Podczas spokojnych letnich miesięcy krasnorosty z rodzaju Gelidium takie jak Galaretówka chrząstkowata (Gelidium cartilagineum) rosną spokojnie na głębokości nawet 15 metrów pod powierzchnią oceanu. Osiągają największe rozmiary na początku jesieni. Ocean zaczyna wtedy robić się niespokojny, a fale i prądy oceaniczne odrywają od skalistych raf znaczne ilości tych organizmów. Oderwane od podłoża krasnorosty zaczynają gromadzić się na powierzchni w duże skupiska niesione często ogromnymi falami.
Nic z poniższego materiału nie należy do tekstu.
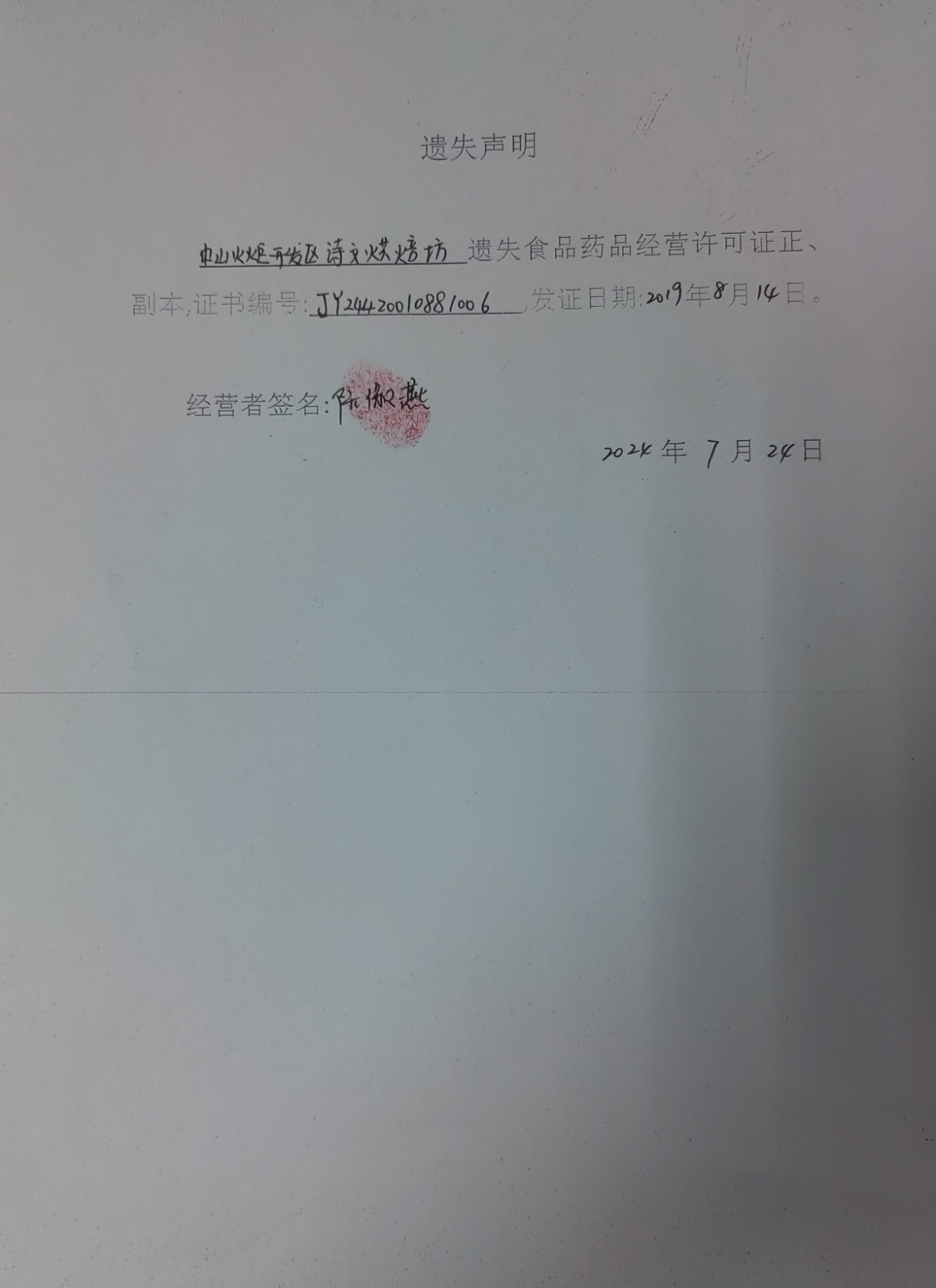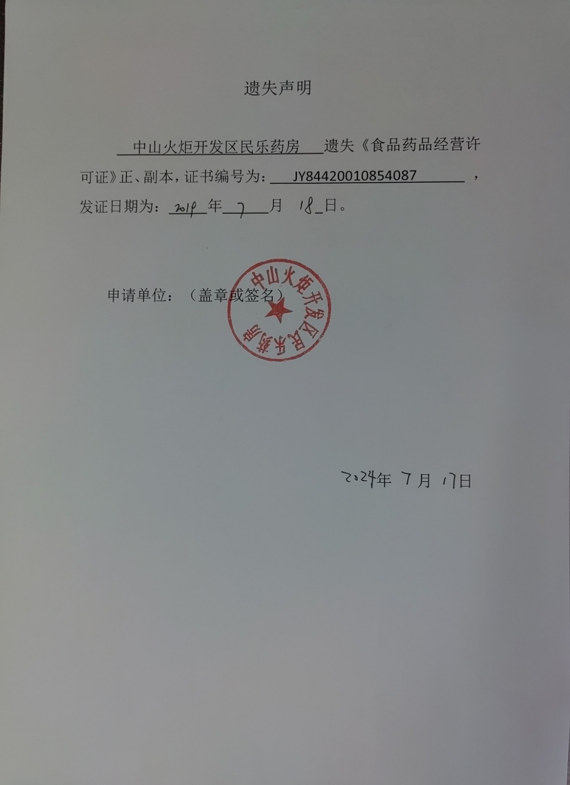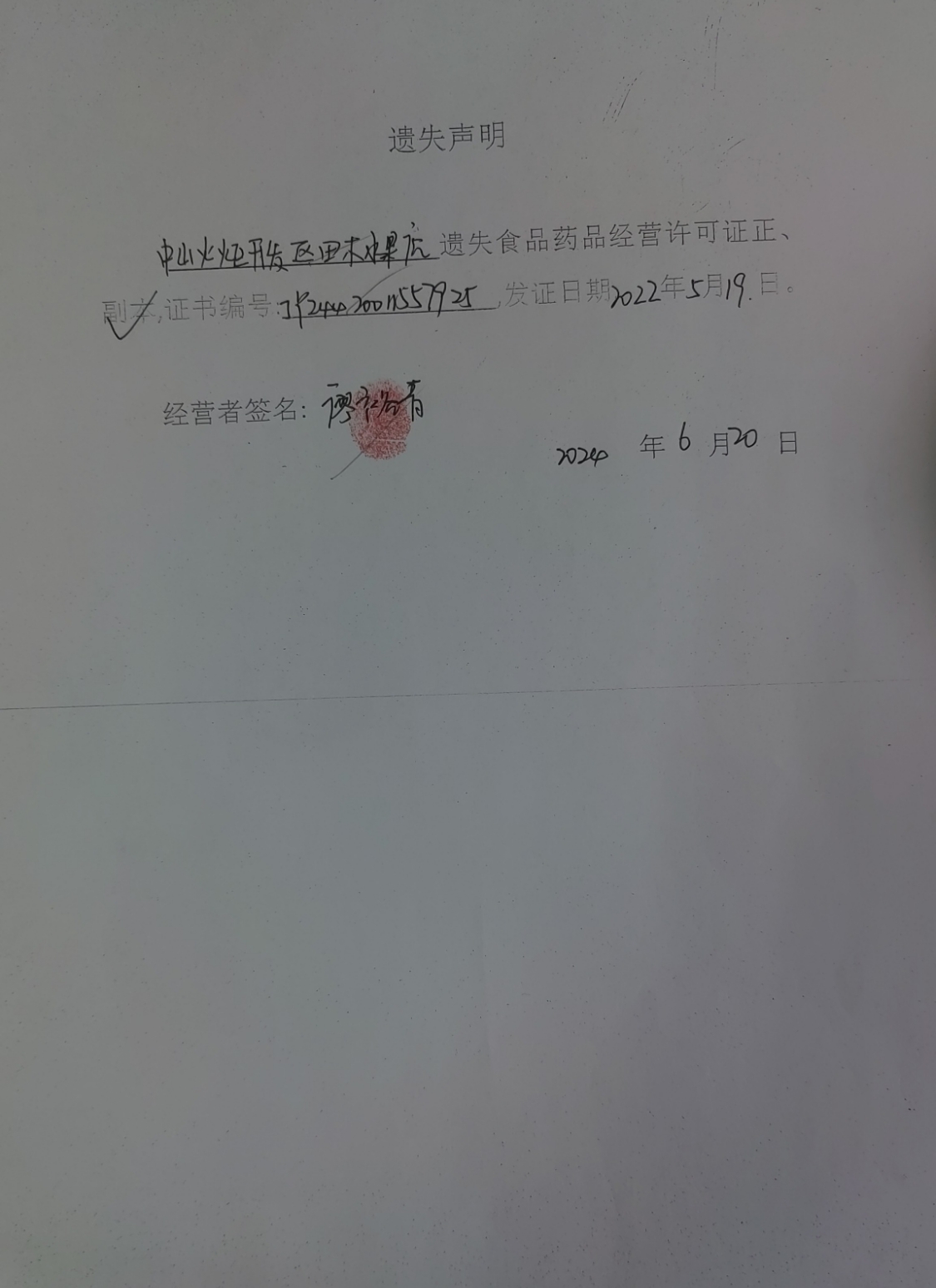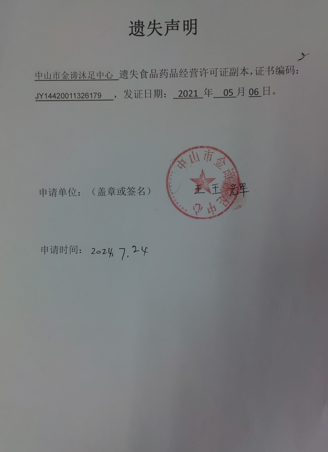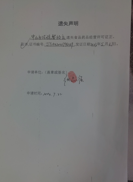 食品药品经营许可证遗失声明(中山市金谛沐足中心、中山市洁琼餐饮店、中山火炬开发区田木水果店、中山火炬开发区诗文烘焙坊、中山火炬开发区民乐药房)

Specjalnie przygotowane łodzie, wyposażone w sieci zbierają ten cenny surowiec pozostawiając oczywiście w nienaruszonym stanie te z krasnorostów, które pozostają przytwierdzone do dna oceanu. W przypadku niektórych załóg takich lodzi dochód pochodzący z tego specyficznego „połowu” stanowi połowę ich rocznych zysków. Krasnorosty wyrzucane na plaże zbierane są pojazdami wyposażonymi w specjalne separacyjne przyczepy, podobne do tych, które stosowane są do oczyszczania plaż ze śmieci.

Są oczywiście kraje, w których odpowiednio wyposażeni nurkowie odrywają krasnorosty od dna, jednak kiedy proceder ten wymykał się spod kontroli, doprowadza do zachwiania równowagi biologicznej. Odradzanie się populacji Gelidium z roku na rok spada aż do całkowitego jej zaniku. Sytuacja taka miała miejsce w Maroko. W Portugali natomiast pozyskiwano z w latach 70-tych kilka tysięcy ton Gelidium rocznie. Aktualnie, w wyniku przetrzebienia populacji tych organizmów liczba ta spadła do 200 ton. Przed II wojną światową Gelidium pozyskiwane Japonii było głównym źródłem światowego agaru, ale uprzemysłowienie doprowadziło do wyczerpania zasobów naturalnych. Aktualnie duże ilości Gelidium są zbierane na północnym wybrzeżu Hiszpanii, środkowym i południowym krańcu wybrzeża Portugalii. Mniejszy udział w rynku ma Korea Południowa – zaopatrując wyłącznie rynek krajowy, Meksyk, Indonezja, Chile, Chiny, Francja i RPA. W niektórych krajach bezpośrednie zbieranie krasnorostów z dna oceanicznego jest zabronione, co zapewnia różnorodność biologiczną i gwarantuje, że te fascynujące organizmy będą dostępny także dla przyszłych pokoleń. Globalnie jednak, w związku z postępującymi zmianami klimatycznymi, podnoszeniem się temperatury oceanów i wzrostem energii fal, wielkość populacji krasnorostów dramatycznie spada.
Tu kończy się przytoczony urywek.